Die Seriosität des Headhunters können Sie ebenfalls schnell beurteilen, ­indem Sie nach einer Einschätzung zur Branche, in der gesucht wird, fragen. Wenn Sie das Gefühl haben, dass der Headhunter Kenntnisse über den Markt hat, ist er eher vertrauenswürdig. Wichtig zu verstehen: Der Headhunter-Anruf sollte nie nur als einseitige «Ehre» empfunden werden. Wenn Sie von einem Headhunter kontaktiert werden, müssen und dürfen Sie ihn als Gegenüber auf Augenhöhe und Sparringpartner behandeln.
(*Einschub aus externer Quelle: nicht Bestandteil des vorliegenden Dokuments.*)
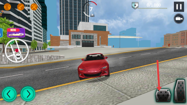 1、進(jìn)入賽道周圍,用左下角方向鍵控制轉(zhuǎn)向,右下角踏板控制加速剎車,按小地圖左側(cè)圓盤指引。

Gibt Ihnen ein Headhunter das Gefühl, dass Sie dankbar für seinen Anruf sein sollen, gehen Sie auf Abstand.

9 «Nach welchem Vergütungsmodell arbeiten Sie in diesem Mandat?»
Der Headhunter muss Ihnen natürlich nicht seinen Gehaltszettel vorlegen. Aber es kann aufschlussreich sein, zu erfahren, ob er nach dem Contingency- oder dem Retain-Modell bezahlt wird. Beim Contingency-Mandat erhält der Headhunter ein Honorar bei Vertragsunterzeichnung eines Kandidaten und beim Retained-Mandat wird das Honorar in drei Stufen ausgezahlt: bei Auftragsvergabe, Vorstellung eines Kandidaten und bei der Vertragsunterzeichnung. Headhunter, die nach dem Retain-Modell, also mehrstufig, bezahlt werden, sind meistens etablierter und Firmen sind bereit, bereits für den Suchprozess und die Präsentation der Kandidaten Geld zu bezahlen. Das gibt auch einen Hinweis auf das Commitment der Firma, die Stelle auch wirklich zu besetzen.

10 «Wo befindet sich Ihr Büro?»
Der Markt der Headhunter reicht von noblen Vermittlungsagenturen bis zu agilen Einzelkämpfern. Wenn jemand von zu Hause aus arbeitet, muss das nicht zwangsläufig gegen seine Qualität sprechen. Aber grössere Firmen vergeben Aufträge eher nicht an freiberufliche Kandidaten-Finder. Je nachdem wie Ihr professionelles Profil aussieht, können Sie entscheiden, ob Sie sich von einem Freiberufler vermitteln lassen wollen.

11 «Haben Sie schon mal eine Stelle auf diesem Level vermittelt?»
Je nachdem wie weit oben Sie auf der Karriereleiter sind, spielt es eine Rolle, ob der Headhunter Erfahrungen mit Ihrem Level hat. Das erspart Ihnen viel Mühe während des Vermittlungsprozesses, wenn Sie sich wirklich für die Stelle interessieren.